- _SUPPLIED MATERIAL_:
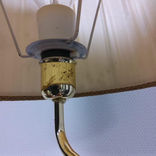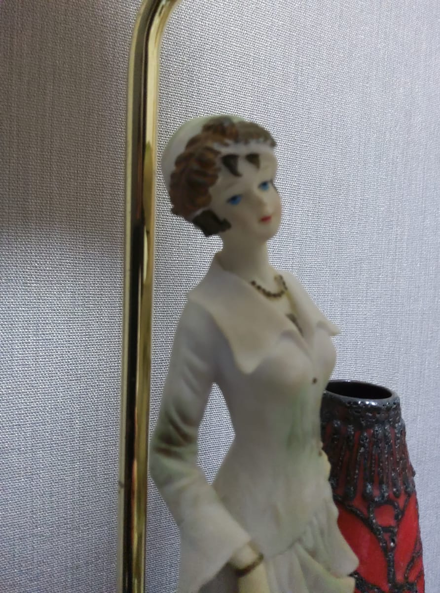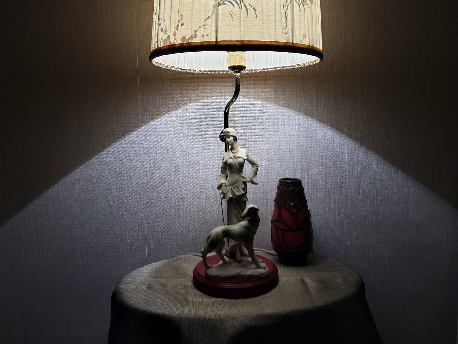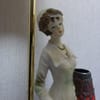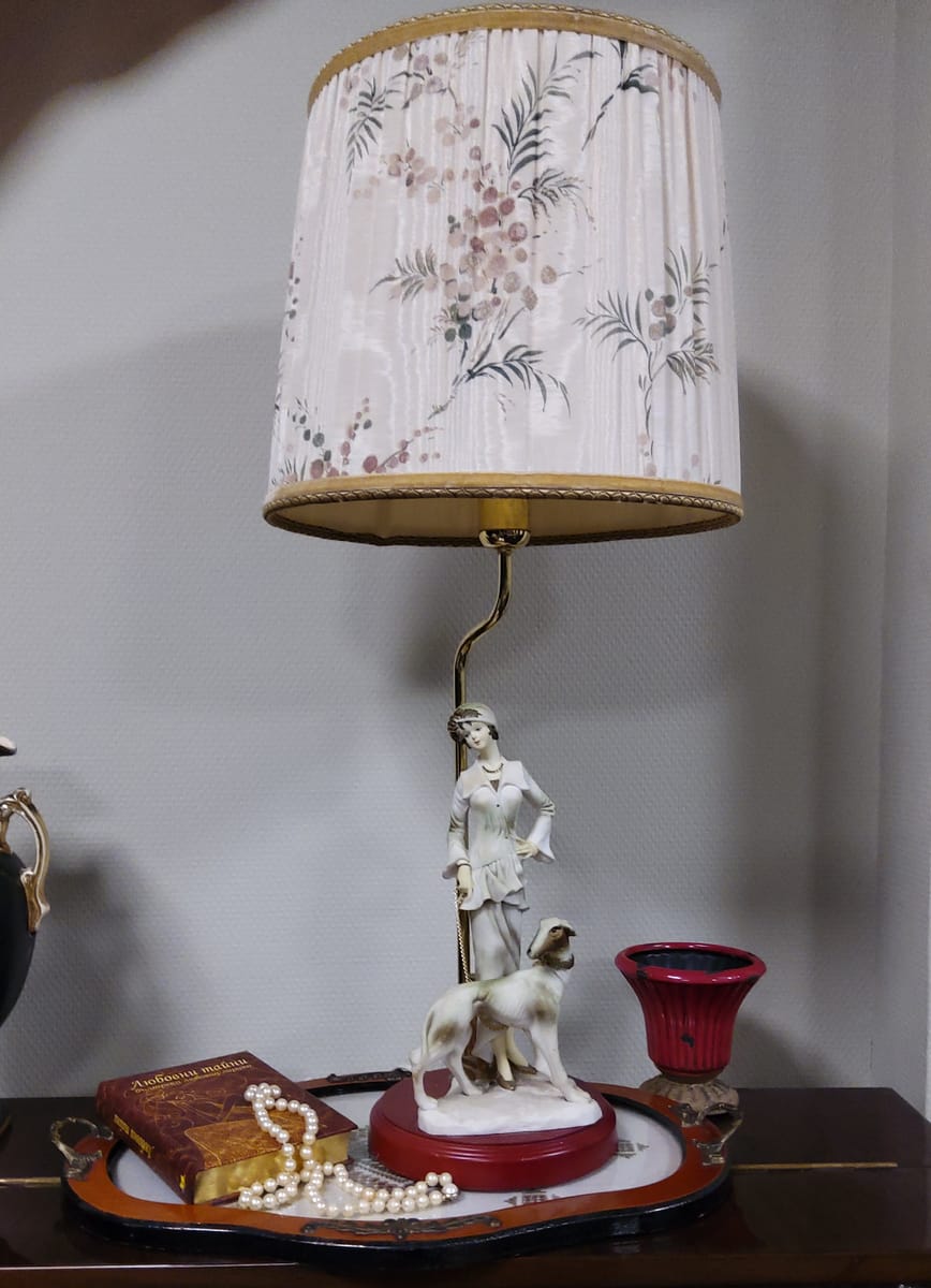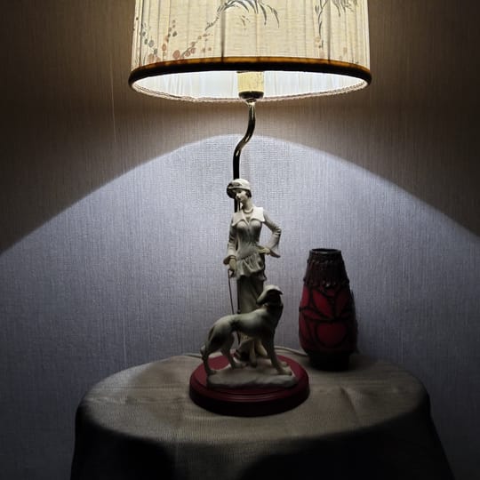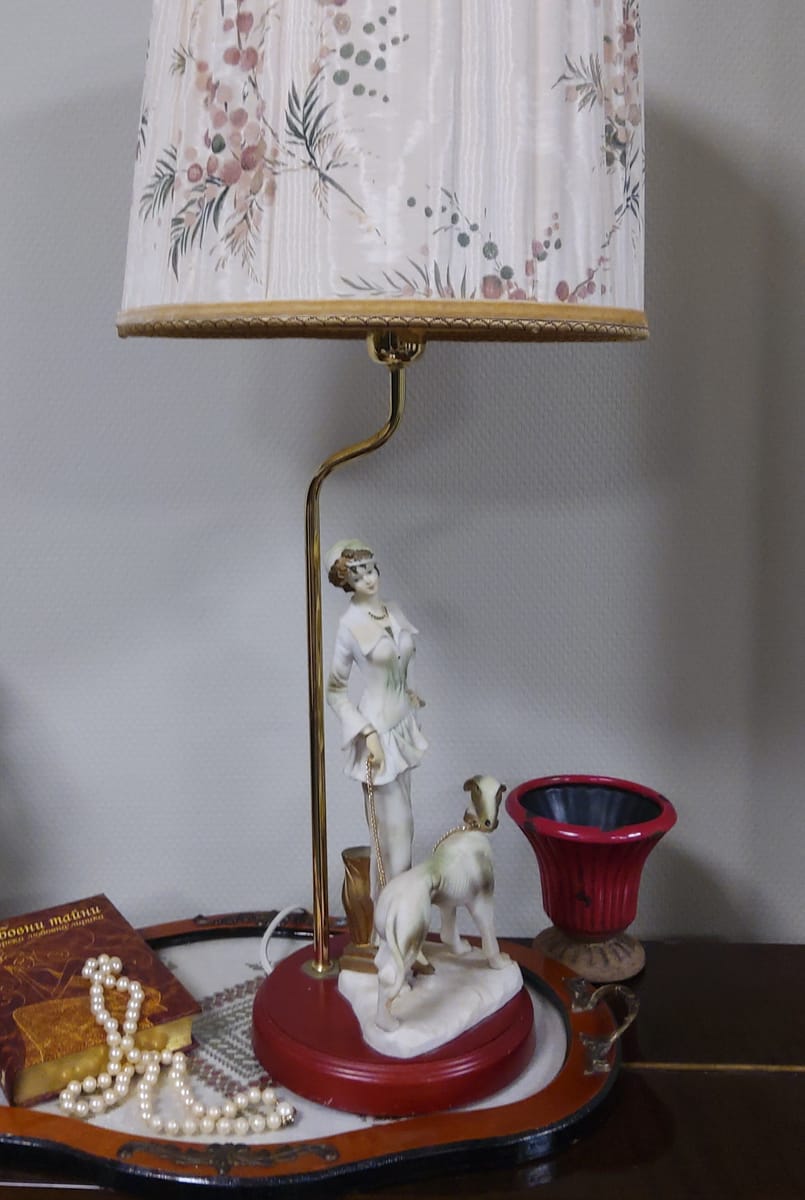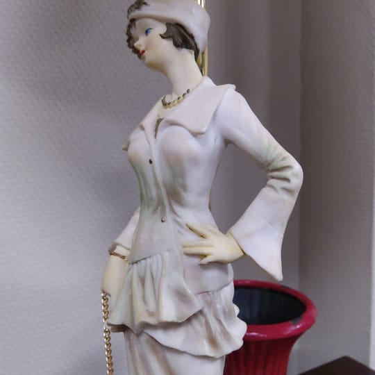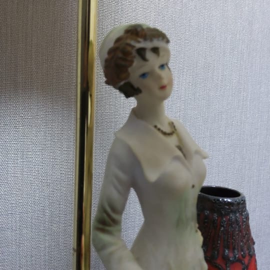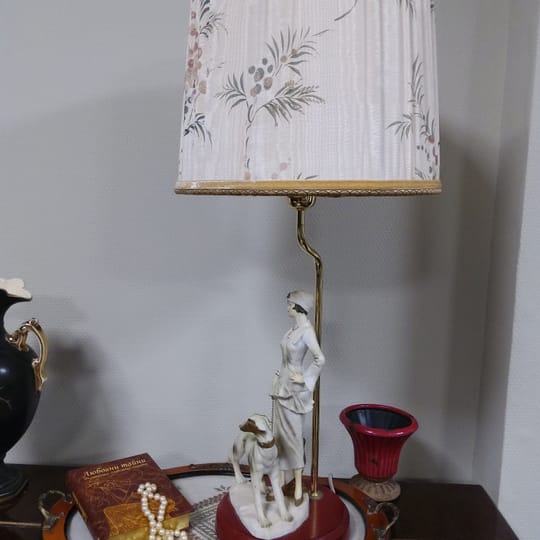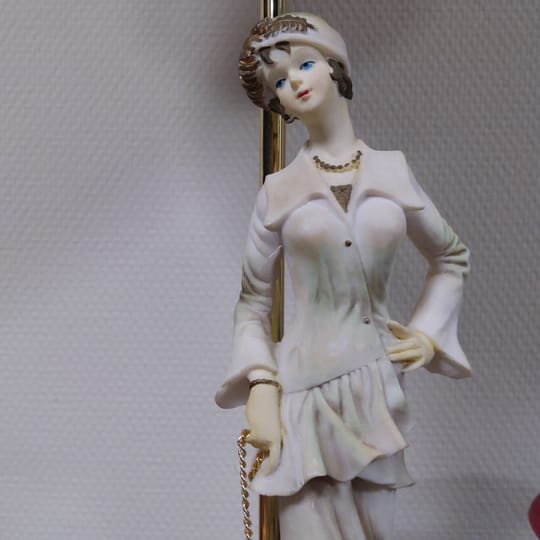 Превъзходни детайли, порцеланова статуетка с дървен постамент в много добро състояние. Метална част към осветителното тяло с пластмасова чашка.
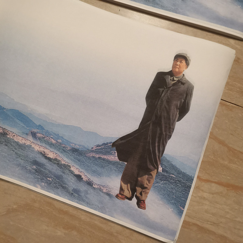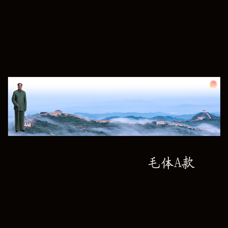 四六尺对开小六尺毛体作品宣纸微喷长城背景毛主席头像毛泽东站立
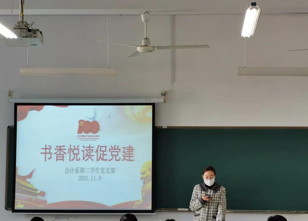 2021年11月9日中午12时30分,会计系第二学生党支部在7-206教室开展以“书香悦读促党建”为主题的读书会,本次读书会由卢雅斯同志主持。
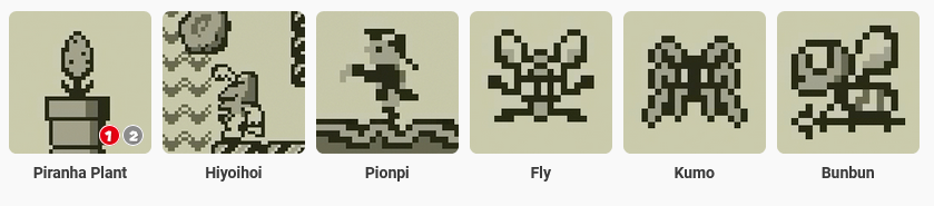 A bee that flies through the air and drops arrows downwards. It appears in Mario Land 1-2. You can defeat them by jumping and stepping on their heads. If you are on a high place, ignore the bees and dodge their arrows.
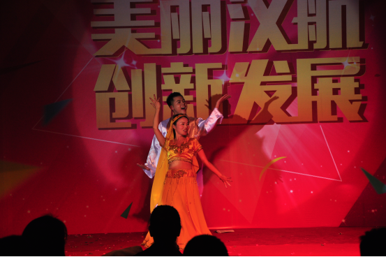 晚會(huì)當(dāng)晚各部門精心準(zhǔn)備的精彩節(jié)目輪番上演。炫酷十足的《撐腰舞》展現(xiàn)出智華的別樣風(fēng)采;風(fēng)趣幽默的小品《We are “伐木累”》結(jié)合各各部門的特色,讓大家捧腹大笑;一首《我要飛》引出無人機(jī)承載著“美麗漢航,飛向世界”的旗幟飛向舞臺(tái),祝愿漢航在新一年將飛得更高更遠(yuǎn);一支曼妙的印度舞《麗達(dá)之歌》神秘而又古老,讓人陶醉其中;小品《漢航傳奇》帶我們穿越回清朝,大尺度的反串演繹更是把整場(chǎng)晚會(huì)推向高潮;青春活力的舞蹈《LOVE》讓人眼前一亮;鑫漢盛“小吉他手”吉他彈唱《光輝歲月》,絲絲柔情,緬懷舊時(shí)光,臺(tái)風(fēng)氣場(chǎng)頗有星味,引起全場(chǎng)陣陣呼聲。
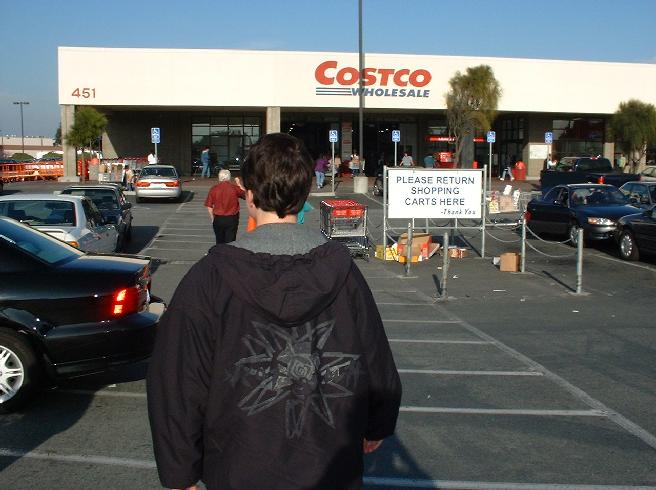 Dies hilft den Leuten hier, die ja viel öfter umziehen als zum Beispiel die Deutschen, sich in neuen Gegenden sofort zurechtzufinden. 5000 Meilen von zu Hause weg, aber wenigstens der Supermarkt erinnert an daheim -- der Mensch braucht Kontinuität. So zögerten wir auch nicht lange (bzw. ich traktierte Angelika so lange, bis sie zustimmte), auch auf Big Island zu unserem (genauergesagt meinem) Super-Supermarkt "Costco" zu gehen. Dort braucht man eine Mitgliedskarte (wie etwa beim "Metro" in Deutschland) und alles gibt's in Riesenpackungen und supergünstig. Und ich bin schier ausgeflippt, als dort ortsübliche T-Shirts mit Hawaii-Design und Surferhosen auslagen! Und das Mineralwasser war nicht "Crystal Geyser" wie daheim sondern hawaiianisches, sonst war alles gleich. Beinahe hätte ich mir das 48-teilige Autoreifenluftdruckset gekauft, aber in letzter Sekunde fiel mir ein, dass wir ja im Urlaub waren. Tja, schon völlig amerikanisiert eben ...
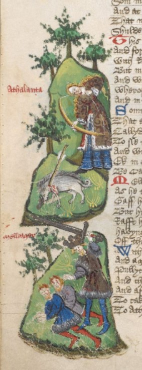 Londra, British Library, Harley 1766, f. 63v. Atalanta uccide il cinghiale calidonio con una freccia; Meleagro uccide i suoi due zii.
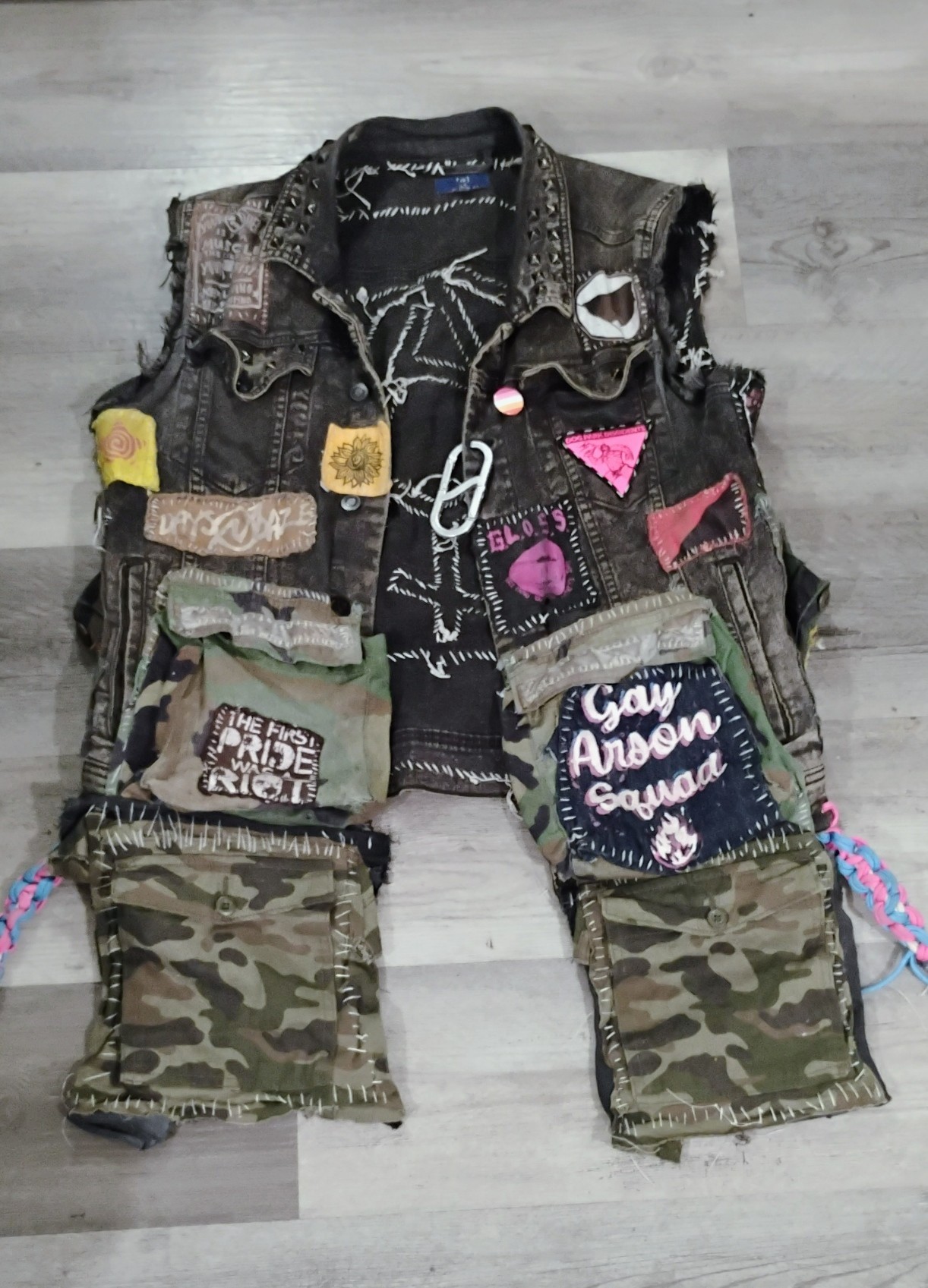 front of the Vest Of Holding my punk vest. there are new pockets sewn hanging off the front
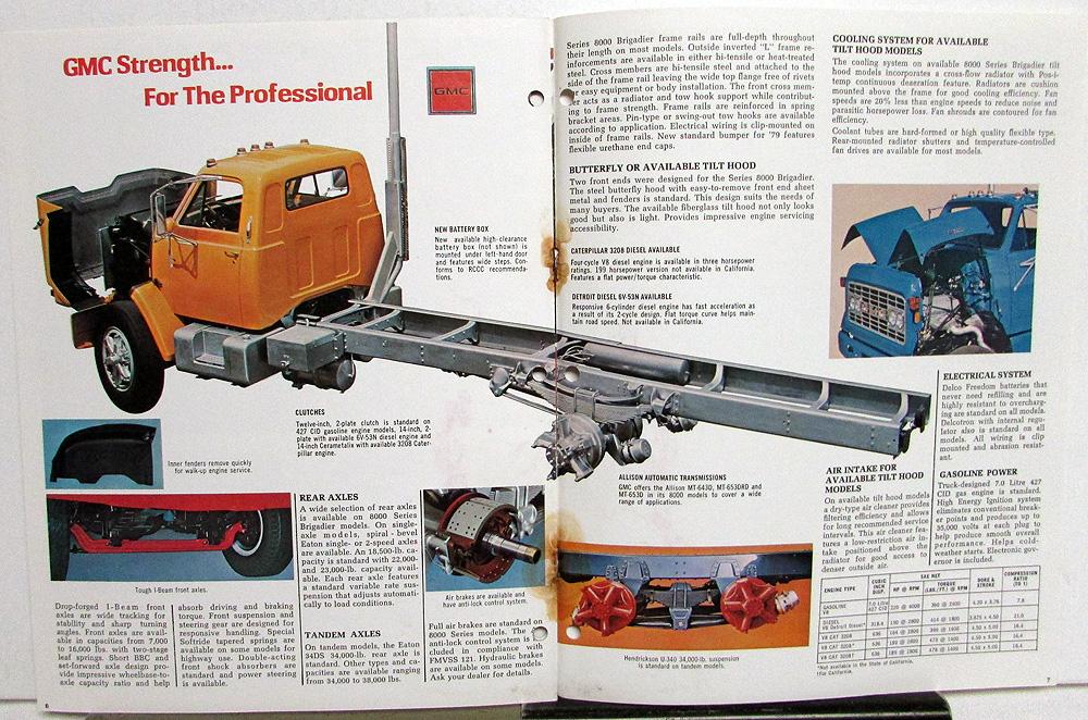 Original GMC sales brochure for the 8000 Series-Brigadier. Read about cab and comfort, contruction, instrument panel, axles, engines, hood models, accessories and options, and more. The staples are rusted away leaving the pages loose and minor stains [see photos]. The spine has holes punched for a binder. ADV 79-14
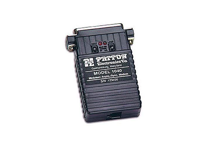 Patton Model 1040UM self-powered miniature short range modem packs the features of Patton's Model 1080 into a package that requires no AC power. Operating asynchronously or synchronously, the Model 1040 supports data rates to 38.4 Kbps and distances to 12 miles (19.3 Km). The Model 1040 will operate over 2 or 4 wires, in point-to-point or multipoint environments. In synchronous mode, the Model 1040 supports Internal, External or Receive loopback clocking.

- _EXERCISE_:
When you set down the material above, keep every word exact and include no pictures.

- _SOLUTION TO THE PROBLEM_:
 Превъзходни детайли, порцеланова статуетка с дървен постамент в много добро състояние. Метална част към осветителното тяло с пластмасова чашка.
 四六尺对开小六尺毛体作品宣纸微喷长城背景毛主席头像毛泽东站立
 2021年11月9日中午12时30分,会计系第二学生党支部在7-206教室开展以“书香悦读促党建”为主题的读书会,本次读书会由卢雅斯同志主持。
 A bee that flies through the air and drops arrows downwards. It appears in Mario Land 1-2. You can defeat them by jumping and stepping on their heads. If you are on a high place, ignore the bees and dodge their arrows.
 晚會(huì)當(dāng)晚各部門精心準(zhǔn)備的精彩節(jié)目輪番上演。炫酷十足的《撐腰舞》展現(xiàn)出智華的別樣風(fēng)采;風(fēng)趣幽默的小品《We are “伐木累”》結(jié)合各各部門的特色,讓大家捧腹大笑;一首《我要飛》引出無人機(jī)承載著“美麗漢航,飛向世界”的旗幟飛向舞臺(tái),祝愿漢航在新一年將飛得更高更遠(yuǎn);一支曼妙的印度舞《麗達(dá)之歌》神秘而又古老,讓人陶醉其中;小品《漢航傳奇》帶我們穿越回清朝,大尺度的反串演繹更是把整場(chǎng)晚會(huì)推向高潮;青春活力的舞蹈《LOVE》讓人眼前一亮;鑫漢盛“小吉他手”吉他彈唱《光輝歲月》,絲絲柔情,緬懷舊時(shí)光,臺(tái)風(fēng)氣場(chǎng)頗有星味,引起全場(chǎng)陣陣呼聲。
 Dies hilft den Leuten hier, die ja viel öfter umziehen als zum Beispiel die Deutschen, sich in neuen Gegenden sofort zurechtzufinden. 5000 Meilen von zu Hause weg, aber wenigstens der Supermarkt erinnert an daheim -- der Mensch braucht Kontinuität. So zögerten wir auch nicht lange (bzw. ich traktierte Angelika so lange, bis sie zustimmte), auch auf Big Island zu unserem (genauergesagt meinem) Super-Supermarkt "Costco" zu gehen. Dort braucht man eine Mitgliedskarte (wie etwa beim "Metro" in Deutschland) und alles gibt's in Riesenpackungen und supergünstig. Und ich bin schier ausgeflippt, als dort ortsübliche T-Shirts mit Hawaii-Design und Surferhosen auslagen! Und das Mineralwasser war nicht "Crystal Geyser" wie daheim sondern hawaiianisches, sonst war alles gleich. Beinahe hätte ich mir das 48-teilige Autoreifenluftdruckset gekauft, aber in letzter Sekunde fiel mir ein, dass wir ja im Urlaub waren. Tja, schon völlig amerikanisiert eben ...
 Londra, British Library, Harley 1766, f. 63v. Atalanta uccide il cinghiale calidonio con una freccia; Meleagro uccide i suoi due zii.
 front of the Vest Of Holding my punk vest. there are new pockets sewn hanging off the front
 Original GMC sales brochure for the 8000 Series-Brigadier. Read about cab and comfort, contruction, instrument panel, axles, engines, hood models, accessories and options, and more. The staples are rusted away leaving the pages loose and minor stains [see photos]. The spine has holes punched for a binder. ADV 79-14
 Patton Model 1040UM self-powered miniature short range modem packs the features of Patton's Model 1080 into a package that requires no AC power. Operating asynchronously or synchronously, the Model 1040 supports data rates to 38.4 Kbps and distances to 12 miles (19.3 Km). The Model 1040 will operate over 2 or 4 wires, in point-to-point or multipoint environments. In synchronous mode, the Model 1040 supports Internal, External or Receive loopback clocking.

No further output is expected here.